It may be possible that MSR_TURBO_RATIO_LIMIT is also all-zeros. In
such case, turbo_freq will be also zero. If that is the case,
arch_max_freq_ratio will be zero and we will see a division by zero
exception in arch_scale_freq_tick() because mcnt is multiplied by
arch_max_freq_ratio().

Hence, you should also check for !turbo_freq.

Thanks and BR,
Ricardo
Giovanni Gherdovich April 23, 2020, 8:06 a.m.
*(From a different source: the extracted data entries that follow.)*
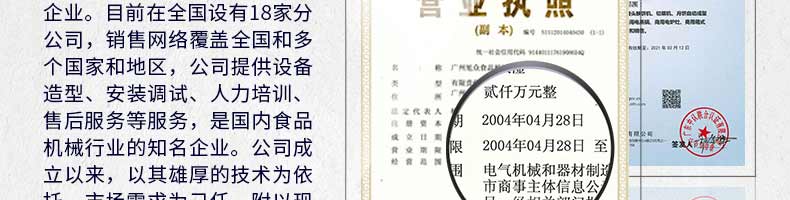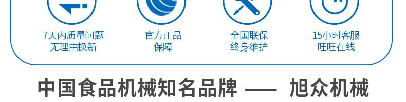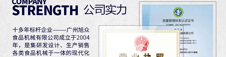 廣州旭眾食品機械有限公司是一家集科研開發(fā),生產設計,營銷服務為一體的現(xiàn)代化生產企業(yè)?,F(xiàn)代化生產車間,精湛制造技術,所產機械歷經市場重重考驗,不斷贏得海內外客戶的贊譽。
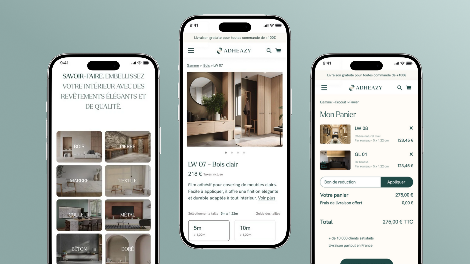 The challenge was to design a sleek, modern, and intuitive e-commerce site that offers a clean and airy user experience. I focused on creating a design that would highlight the different products clearly and attractively, while ensuring smooth navigation and easy purchasing. The aim was to make the discovery of products simple and engaging, while reflecting the premium quality of the Adheazy brand.
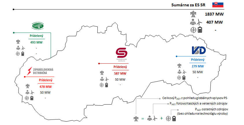 Z pohľadu priepustnosti ES SR je možné do sústavy pripojiť celkový voľný inštalovaný výkon zdrojov o hodnote 1837 MW. Regionalita, resp. miesta pripojenia zdrojov v RDS, majú nezanedbateľný vplyv na bezpečnosť prevádzky ES SR najmä z pohľadu úzkych miest v PS SR. Na základe uvedeného je celkový voľný inštalovaný výkon z pohľadu priepustnosti rozdelený na jednotlivých prevádzkovateľov RDS a PS (graficky zobrazené na obrázku).
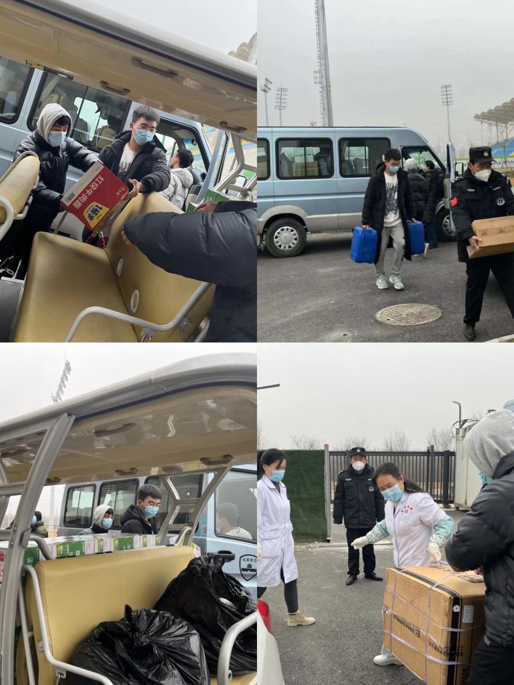 8日中午,校区组织志愿者搬运外界捐赠的丰富物资:大米、食材、泡面、饼干等。
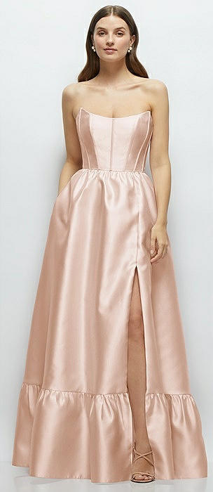 Lace-Up Back Bustier Satin Dress with Full Skirt and Pockets in cameo

UTC | #4
On Wed, 2020-04-22 at 10:15 -0700, Ricardo Neri wrote:
> On Thu, Apr 16, 2020 at 07:47:42AM +0200, Giovanni Gherdovich wrote:
> > Some hypervisors such as VMWare ESXi 5.5 advertise support for
> > X86_FEATURE_APERFMPERF but then fill all MSR's with zeroes. In particular,
> > MSR_PLATFORM_INFO set to zero tricks the code that wants to know the base
> > clock frequency of the CPU (highest non-turbo frequency), producing a
> > division by zero when computing the ratio turbo_freq/base_freq necessary
> > for frequency invariant accounting.
> > 
> > It is to be noted that even if MSR_PLATFORM_INFO contained the appropriate
> > data, APERF and MPERF are constantly zero on ESXi 5.5, thus freq-invariance
> > couldn't be done in principle (not that it would make a lot of sense in a
> > VM anyway). The real problem is advertising X86_FEATURE_APERFMPERF. This
> > appears to be fixed in more recent versions: ESXi 6.7 doesn't advertise
> > that feature.
> > 
> > Signed-off-by: Giovanni Gherdovich <ggherdovich@suse.cz>
> > Fixes: 1567c3e3467c ("x86, sched: Add support for frequency invariance")
> > ---
> >  arch/x86/kernel/smpboot.c | 9 +++++++++
> >  1 file changed, 9 insertions(+)
> > 
> > diff --git a/arch/x86/kernel/smpboot.c b/arch/x86/kernel/smpboot.c
> > index fe3ab9632f3b..3a318ec9bc17 100644
> > --- a/arch/x86/kernel/smpboot.c
> > +++ b/arch/x86/kernel/smpboot.c
> > @@ -1985,6 +1985,15 @@ static bool intel_set_max_freq_ratio(void)
> >  	return false;
> >  
> >  out:
> > +	/*
> > +	 * Some hypervisors advertise X86_FEATURE_APERFMPERF
> > +	 * but then fill all MSR's with zeroes.
> > +	 */
> > +	if (!base_freq) {
> > +		pr_debug("Couldn't determine cpu base frequency, necessary for scale-invariant accounting.\n");
> > +		return false;
> > +	}
> 
> It may be possible that MSR_TURBO_RATIO_LIMIT is also all-zeros. In
> such case, turbo_freq will be also zero. If that is the case,
> arch_max_freq_ratio will be zero and we will see a division by zero
> exception in arch_scale_freq_tick() because mcnt is multiplied by
> arch_max_freq_ratio().

Thanks Ricardo for clarifying this.

Follow-up question: when I see an all-zeros MSR_TURBO_RATIO_LIMIT, can I
assume the CPU doesn't support turbo boost? Or is it possible that such a CPU
has turbo boost, just the turbo ratios aren't declared in the MSR?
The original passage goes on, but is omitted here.